Very like Australia, the pool thing, though I have to say, from all I've seen and read, the Americans do it much better.
ReplyDeleteAnd you are a very good writer, a conveyor of circumstances and minutiae that brings it home and makes it real. So, what is an ex-civil servant doing in the MidWest?
BTW, 'oblong' means roughly rectangular, according to Wiktionary, and if the pool is shaped like an arrow head with the point of the arrow cut off parallel to its opposite side, then it is, where you are now in North America, a trapezoid (a quadrilateral with two parallel sides); in the UK it's a rhomboid.
I think.
Hi, thanks for visiting me - what a lovely blog! Great description of your pool, yes I've seen films like this too :)
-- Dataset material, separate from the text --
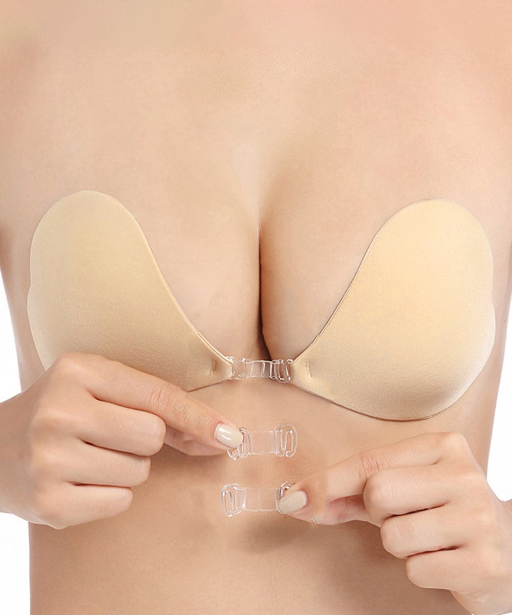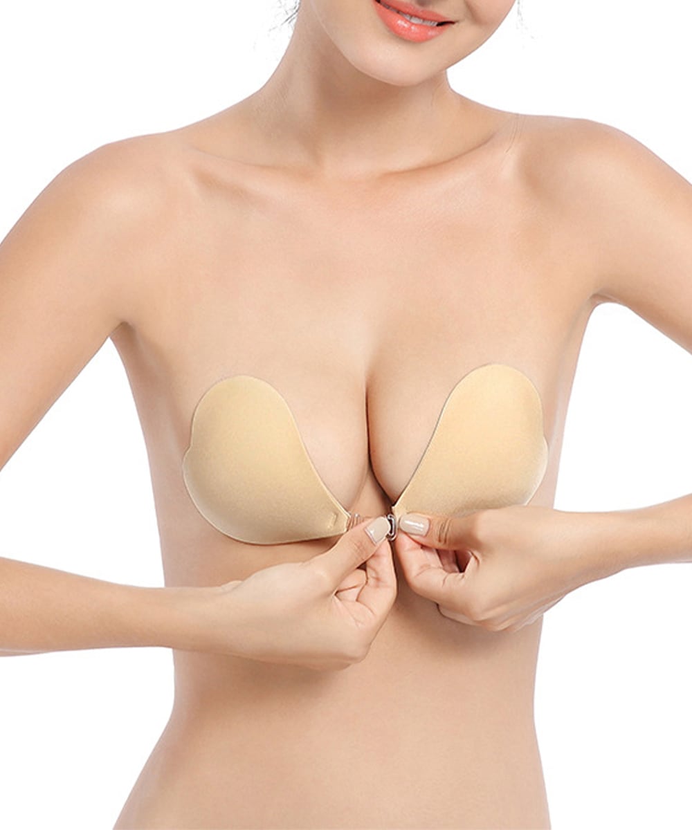 ハート型デザインが可愛らしい、ストラップレスのシリコンブラ

ReplyDelete"Do Americans feel like they've walked into "Notting Hill" when they visit London, I wonder?"
ReplyDeleteYes. :)
What fun to stumble on your blog, as I am doing the expat thing in reverse (US-UK). I've been in the UK 9 months now and ironically, your hybrid UK-US spelling is more comfortable to me than either pure US or UK at this point! Looking forward to following your adventures... I envy you that American neighborhood pool right now!
"Do Americans feel like they've walked into "Notting Hill" when they visit London, I wonder?" - Well if they do then they have taken the best choice!
ReplyDeleteThe Notting Hill area and its property are briallint.